WITH the ouster of Zimbabwe’s former autocratic president Robert Mugabe, whose isolationist policies had taken the country backwards by decades, an unlikely window of opportunity for diplomatic renewal was briefly and slightly opened.
The goodwill that followed was unlikely because Mugabe got replaced by his henchmen, who had been his enforcer for his entire disastrous rule, but the international community had wearied of the Zimbabwean crisis and were ready for a small excuse to engage.
Now just a little over a year later, the window of opportunity has all but closed, with no meaningful distance covered, in the re-engagement process.
Central to the window of opportunity for re-engagement was the imminence of elections in 2018, the possibility of respect for international norms of human rights, good governance and democracy, and the hoped-for possibility of an internal political agreement.
The 2018 polls had the possibility of restoring electoral legitimacy, but that chance was squandered as the elections were held in a way that failed to meet the democratic test. All these pillars of a truly new dispensation have been abandoned in a mind-bending fashion, which was unthinkable 15 months ago.
The problem is that the re-engagement was never planned, but opportunistic and without method. Zimbabwe appears to be reviving its old misunderstanding and tiff with the British, over the Commonwealth bid for readmission and its standoff with the US over its human rights record and restrictive measures, and, after the national shut-down protests, drew the unfavourable comment of the United Nations (UN) over the government’s brutal crackdown on citizens.

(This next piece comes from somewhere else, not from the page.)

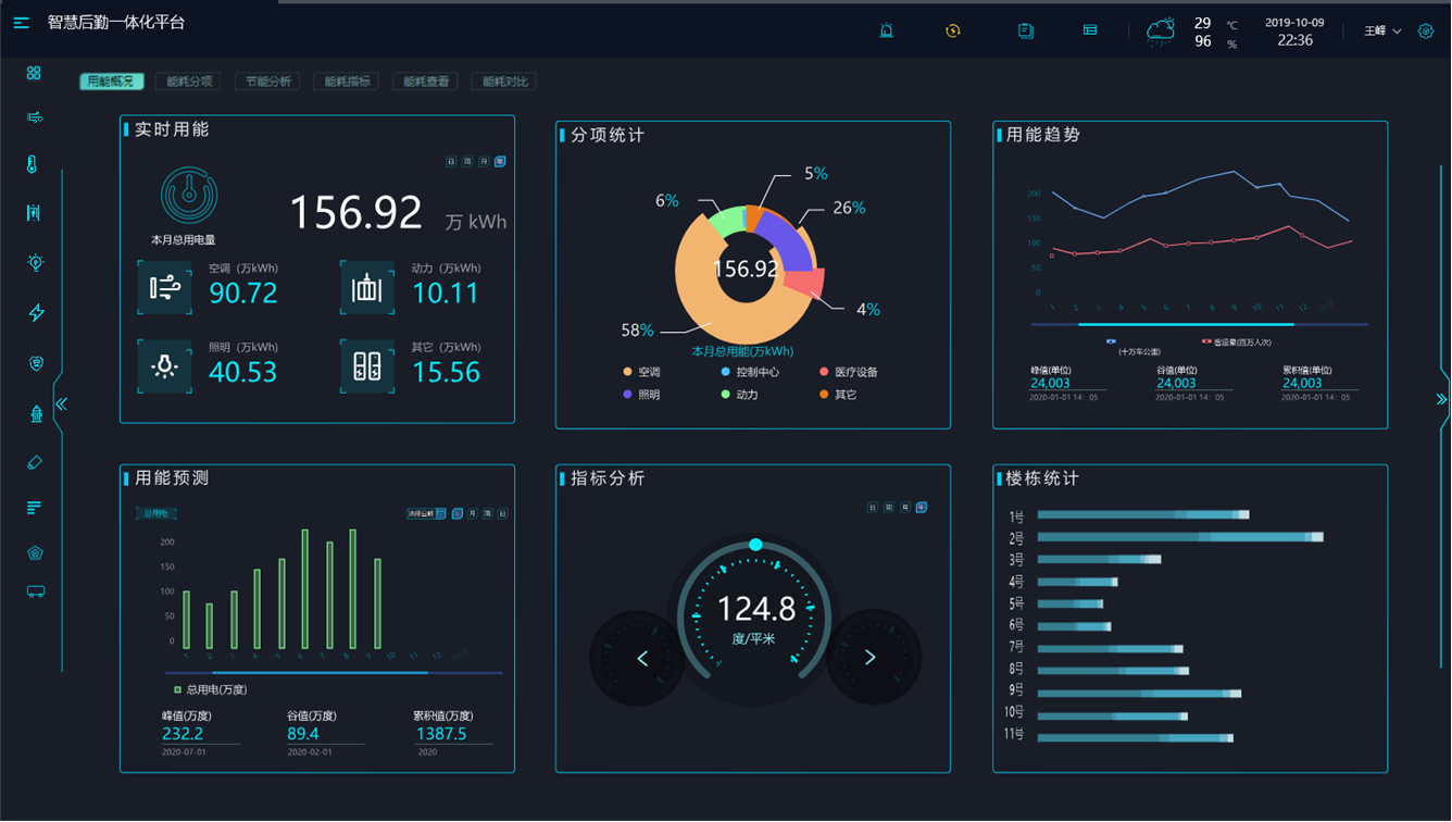能耗管理子系统:通过分类分项能耗实时监测、趋势跟踪与对比,总结医院用能规律,提供用能负荷错峰管理依据,缩短异常能耗发现、定位与处理时间,减少能源浪费;按照医院管理中信息、物资、设备、人员、资金等五大范畴,空间上七大功能区域以及流程与诊疗需要相适应的思路,在医院能源管理系统建设中,创新性应用医院能耗八大率概念,将床位数、住院率、总收入、人员比、设备量、投资额、均摊数以及建筑面积等与能源管理相结合,形成独具特色的医院能源管理考核指标。

In fact, the country risks generally reassuming its soiled name as an intolerant administration, where it comes to citizen dissent and democratic norms.
There is an inherent inconsistency in how the re-engagement itself is being pursued.
As the country is spending scarce dollars on private jets for foreign engagement trips, to countries of negligible geopolitical and diplomatic importance, it is deporting labour leaders such as International Trade Union Confederation’s (ITUC) secretary for Africa, Kwasi Adu Amankwah.
While the attempt by the government has been to separate these issues of political and civil rights and economic development, the reality is that globalisation has resulted in the interconnectedness of such issues, which do determine the country’s overall investment attractiveness.
The Zimbabwe administration would want to soothe itself in the regional countries’ so-called stance of solidarity, including within the Sadc framework, but the real appraisal of Zimbabwe by these countries is in their refusal to extend any financial assistance.
For instance, South Africa’s foreign policy after Apartheid has been guided by its economic interests, which, at the expense of sounding politically incorrect, may be served by a weaker and less economically competitive Zimbabwe, and also would not be promoted by lending money to a junk status country.
It is no secret that corporates have migrated their key offices and assets south of the Limpopo, with Zimbabwe basically becoming an extended market for South African goods and source of cheap skilled and unskilled labour. So such realities as I have explained above, where economic interests in one country primarily dictate its diplomatic relations, this can easily be veiled in political concepts such as liberation movement solidarity and quiet diplomacy.